## Task brief
The material below holds the lines to copy: from the one with "Młodzieżowy Dom Kultury" up to and including the one with "千米快修选择工知云搭建Saa". Copy them exactly and skip the pictures.

## Given data
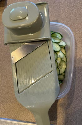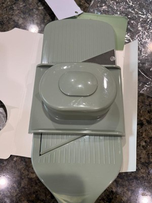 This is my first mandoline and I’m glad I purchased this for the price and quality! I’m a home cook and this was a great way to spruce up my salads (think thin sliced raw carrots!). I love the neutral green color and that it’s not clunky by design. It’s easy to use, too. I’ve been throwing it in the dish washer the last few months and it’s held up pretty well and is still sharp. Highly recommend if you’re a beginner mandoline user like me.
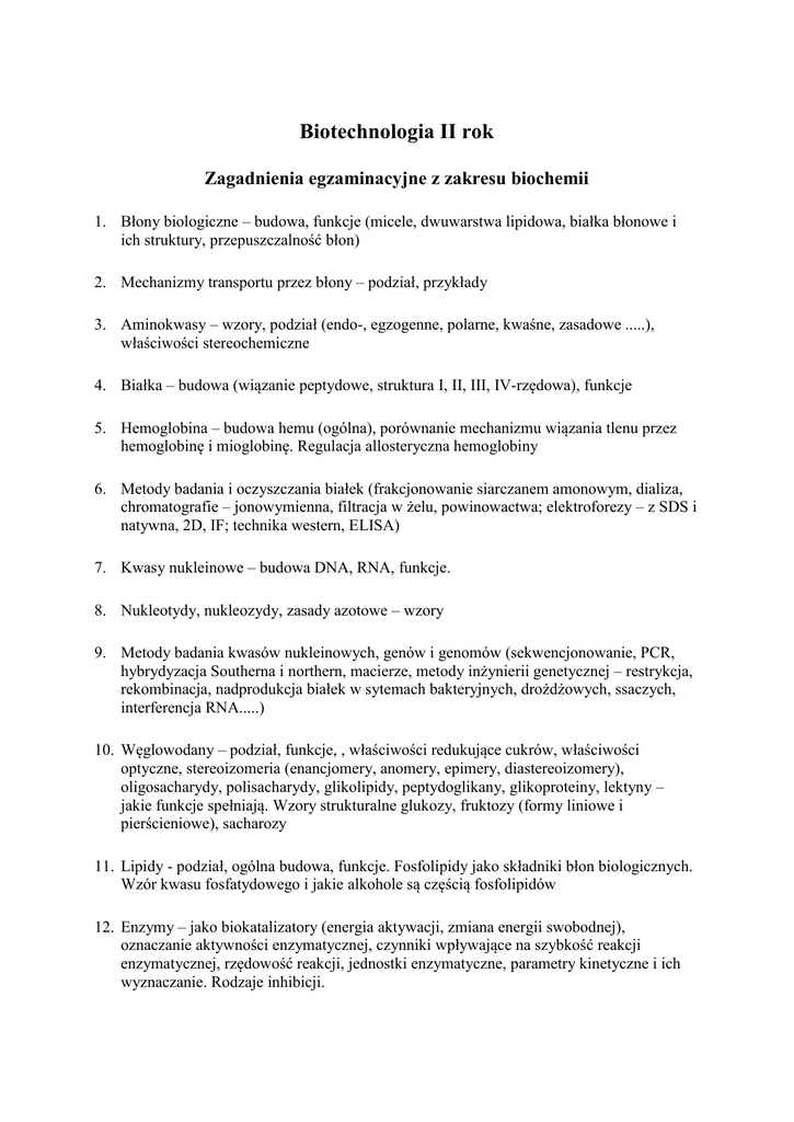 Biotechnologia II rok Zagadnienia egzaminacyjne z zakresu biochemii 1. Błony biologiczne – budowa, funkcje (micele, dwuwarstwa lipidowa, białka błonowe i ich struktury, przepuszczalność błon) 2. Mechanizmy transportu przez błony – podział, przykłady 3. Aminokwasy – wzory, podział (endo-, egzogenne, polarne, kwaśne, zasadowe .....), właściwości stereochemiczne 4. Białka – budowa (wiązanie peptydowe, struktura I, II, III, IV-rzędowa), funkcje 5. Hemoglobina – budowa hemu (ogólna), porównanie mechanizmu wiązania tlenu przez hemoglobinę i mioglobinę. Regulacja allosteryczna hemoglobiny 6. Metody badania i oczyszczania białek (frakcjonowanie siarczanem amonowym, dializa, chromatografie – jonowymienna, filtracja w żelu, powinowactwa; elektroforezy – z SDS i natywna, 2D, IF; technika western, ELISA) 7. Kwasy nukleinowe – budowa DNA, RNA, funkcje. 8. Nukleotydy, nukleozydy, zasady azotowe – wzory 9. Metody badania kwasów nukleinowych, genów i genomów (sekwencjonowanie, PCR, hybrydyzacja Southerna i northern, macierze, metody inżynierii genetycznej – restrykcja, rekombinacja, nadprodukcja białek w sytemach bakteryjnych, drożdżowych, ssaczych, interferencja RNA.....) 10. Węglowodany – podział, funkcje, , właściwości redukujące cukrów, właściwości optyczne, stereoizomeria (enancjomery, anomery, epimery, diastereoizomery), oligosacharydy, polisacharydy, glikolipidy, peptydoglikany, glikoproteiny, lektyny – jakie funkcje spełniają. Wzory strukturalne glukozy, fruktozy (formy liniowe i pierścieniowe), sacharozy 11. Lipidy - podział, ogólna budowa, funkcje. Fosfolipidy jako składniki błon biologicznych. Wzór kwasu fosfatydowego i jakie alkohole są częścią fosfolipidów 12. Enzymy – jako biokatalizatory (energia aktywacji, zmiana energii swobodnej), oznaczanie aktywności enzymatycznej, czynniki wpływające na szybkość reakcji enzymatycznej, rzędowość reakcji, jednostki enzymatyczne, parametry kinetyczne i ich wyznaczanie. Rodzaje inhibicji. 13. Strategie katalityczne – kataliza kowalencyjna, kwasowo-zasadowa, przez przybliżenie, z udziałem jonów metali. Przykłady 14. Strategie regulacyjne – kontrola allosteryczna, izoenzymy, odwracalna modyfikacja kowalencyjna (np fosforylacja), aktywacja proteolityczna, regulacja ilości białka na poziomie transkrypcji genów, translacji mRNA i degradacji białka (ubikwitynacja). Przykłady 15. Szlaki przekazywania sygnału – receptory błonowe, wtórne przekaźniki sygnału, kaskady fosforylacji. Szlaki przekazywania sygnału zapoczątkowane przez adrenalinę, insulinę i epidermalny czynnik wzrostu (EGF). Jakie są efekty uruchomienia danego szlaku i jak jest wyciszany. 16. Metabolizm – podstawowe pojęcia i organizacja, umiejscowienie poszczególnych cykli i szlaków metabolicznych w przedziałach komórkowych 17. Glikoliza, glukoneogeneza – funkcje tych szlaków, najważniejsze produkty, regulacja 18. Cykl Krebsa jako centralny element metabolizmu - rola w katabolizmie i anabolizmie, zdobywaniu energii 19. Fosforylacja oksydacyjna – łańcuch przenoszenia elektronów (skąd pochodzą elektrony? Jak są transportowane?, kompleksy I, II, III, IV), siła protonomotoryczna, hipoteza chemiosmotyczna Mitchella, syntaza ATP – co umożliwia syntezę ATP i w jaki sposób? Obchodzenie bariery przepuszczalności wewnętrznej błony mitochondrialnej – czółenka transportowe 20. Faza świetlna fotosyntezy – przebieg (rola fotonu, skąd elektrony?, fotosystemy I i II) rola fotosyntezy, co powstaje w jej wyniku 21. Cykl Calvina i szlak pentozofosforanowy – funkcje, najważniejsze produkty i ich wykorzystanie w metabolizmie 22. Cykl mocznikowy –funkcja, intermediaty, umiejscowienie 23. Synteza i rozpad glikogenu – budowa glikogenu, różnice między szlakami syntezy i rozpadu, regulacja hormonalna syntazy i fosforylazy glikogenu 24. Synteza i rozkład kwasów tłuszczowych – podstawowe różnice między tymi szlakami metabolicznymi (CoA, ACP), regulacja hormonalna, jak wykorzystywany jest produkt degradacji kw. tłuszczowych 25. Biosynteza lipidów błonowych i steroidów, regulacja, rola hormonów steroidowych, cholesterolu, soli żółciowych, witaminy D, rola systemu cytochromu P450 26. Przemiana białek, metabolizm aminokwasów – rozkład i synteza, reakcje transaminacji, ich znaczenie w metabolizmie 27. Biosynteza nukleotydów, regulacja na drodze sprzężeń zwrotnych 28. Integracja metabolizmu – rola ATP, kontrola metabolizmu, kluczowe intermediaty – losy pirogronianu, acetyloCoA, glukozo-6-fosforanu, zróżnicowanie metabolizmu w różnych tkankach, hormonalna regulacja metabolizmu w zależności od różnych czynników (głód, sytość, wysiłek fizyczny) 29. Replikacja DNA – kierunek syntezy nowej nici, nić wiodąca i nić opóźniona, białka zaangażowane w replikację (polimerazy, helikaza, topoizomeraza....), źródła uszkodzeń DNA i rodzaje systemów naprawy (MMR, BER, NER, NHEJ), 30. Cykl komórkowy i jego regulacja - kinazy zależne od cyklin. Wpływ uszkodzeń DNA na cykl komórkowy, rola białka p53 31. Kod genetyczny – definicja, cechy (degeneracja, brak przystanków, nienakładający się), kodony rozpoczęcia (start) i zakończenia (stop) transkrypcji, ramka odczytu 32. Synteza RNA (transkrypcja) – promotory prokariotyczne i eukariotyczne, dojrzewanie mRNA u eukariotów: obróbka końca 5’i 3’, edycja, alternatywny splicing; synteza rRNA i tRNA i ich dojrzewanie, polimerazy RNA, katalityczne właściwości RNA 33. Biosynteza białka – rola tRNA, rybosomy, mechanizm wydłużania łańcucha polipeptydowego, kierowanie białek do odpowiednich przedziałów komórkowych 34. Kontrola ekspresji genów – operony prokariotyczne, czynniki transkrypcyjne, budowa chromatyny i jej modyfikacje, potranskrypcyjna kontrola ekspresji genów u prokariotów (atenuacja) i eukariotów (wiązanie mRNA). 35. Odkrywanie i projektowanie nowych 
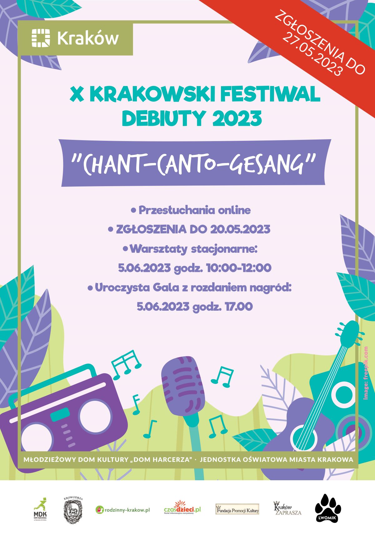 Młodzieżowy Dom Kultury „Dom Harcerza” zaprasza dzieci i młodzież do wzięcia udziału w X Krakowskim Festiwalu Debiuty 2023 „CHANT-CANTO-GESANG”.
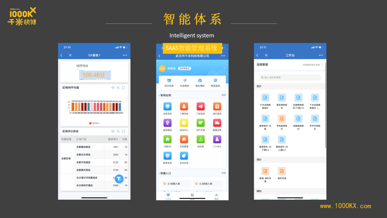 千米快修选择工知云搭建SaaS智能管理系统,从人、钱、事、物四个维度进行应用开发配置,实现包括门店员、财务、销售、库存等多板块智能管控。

--

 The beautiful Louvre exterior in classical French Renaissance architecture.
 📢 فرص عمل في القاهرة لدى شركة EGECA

...

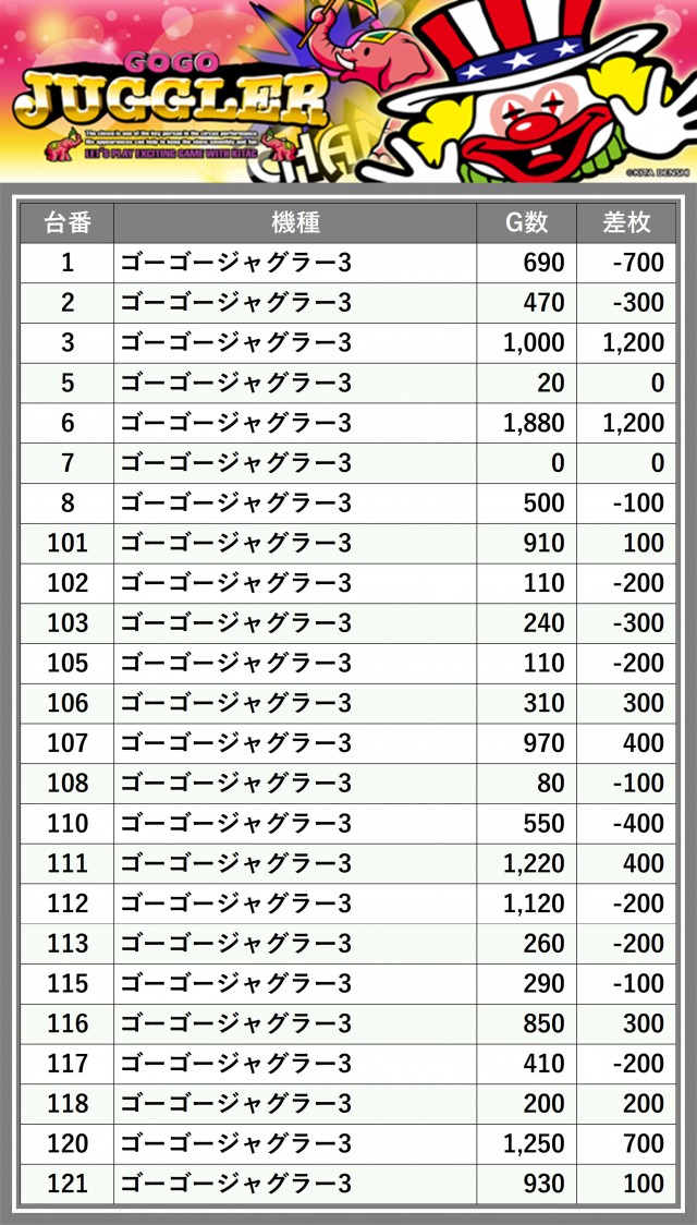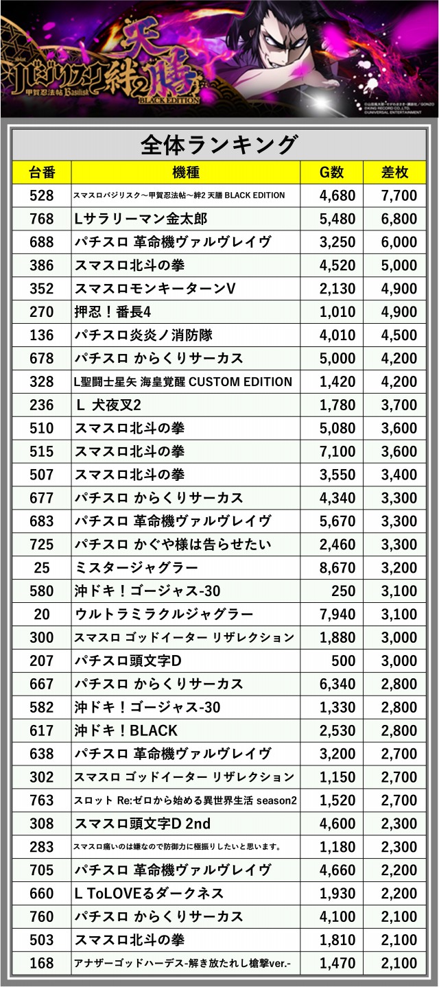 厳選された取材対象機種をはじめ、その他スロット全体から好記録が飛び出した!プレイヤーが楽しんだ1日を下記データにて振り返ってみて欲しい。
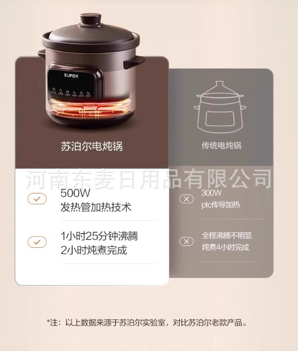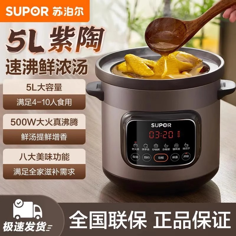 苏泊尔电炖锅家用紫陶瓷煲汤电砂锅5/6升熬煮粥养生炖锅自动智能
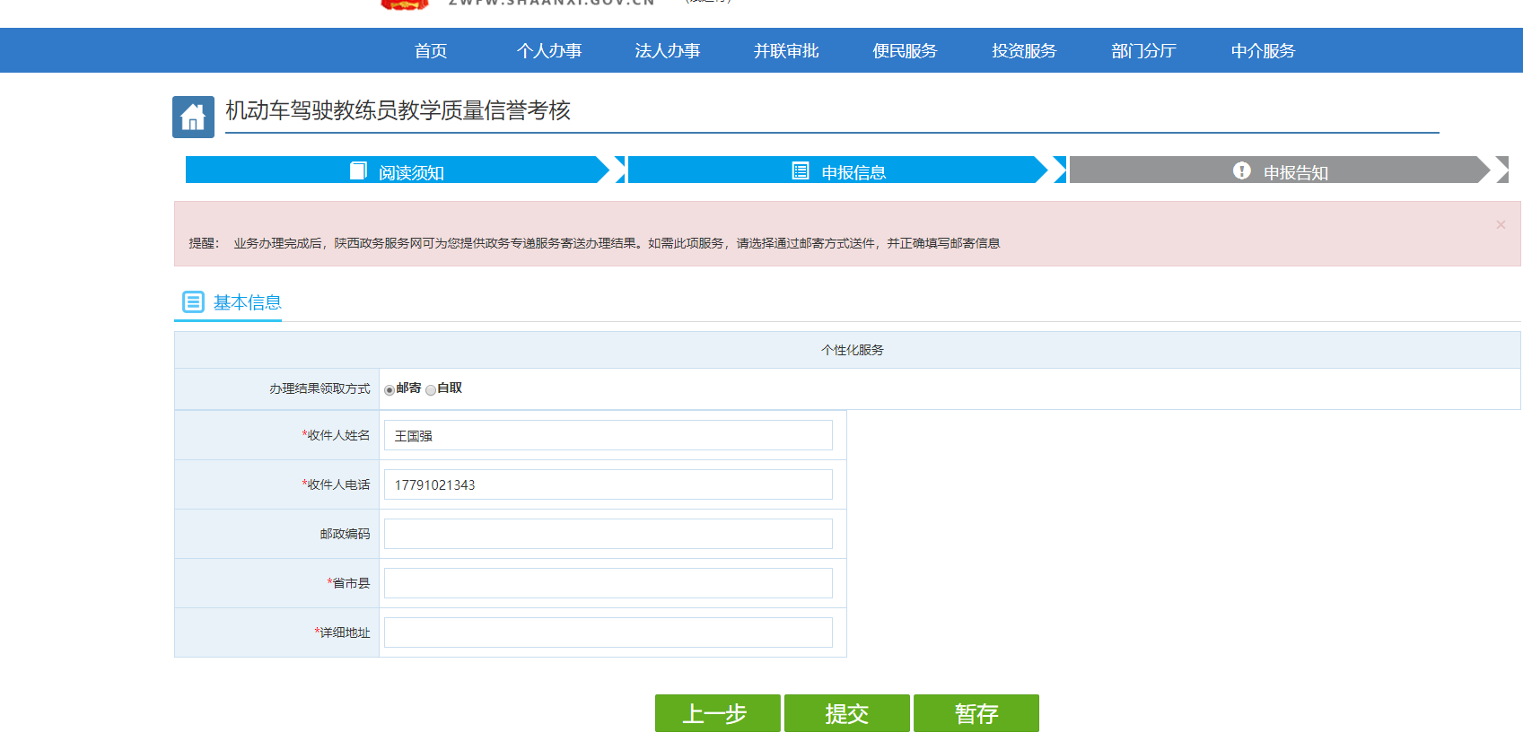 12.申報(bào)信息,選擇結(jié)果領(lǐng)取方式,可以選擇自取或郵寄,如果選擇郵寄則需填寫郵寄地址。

## The answer
 Młodzieżowy Dom Kultury „Dom Harcerza” zaprasza dzieci i młodzież do wzięcia udziału w X Krakowskim Festiwalu Debiuty 2023 „CHANT-CANTO-GESANG”.
 千米快修选择工知云搭建SaaS智能管理系统,从人、钱、事、物四个维度进行应用开发配置,实现包括门店员、财务、销售、库存等多板块智能管控。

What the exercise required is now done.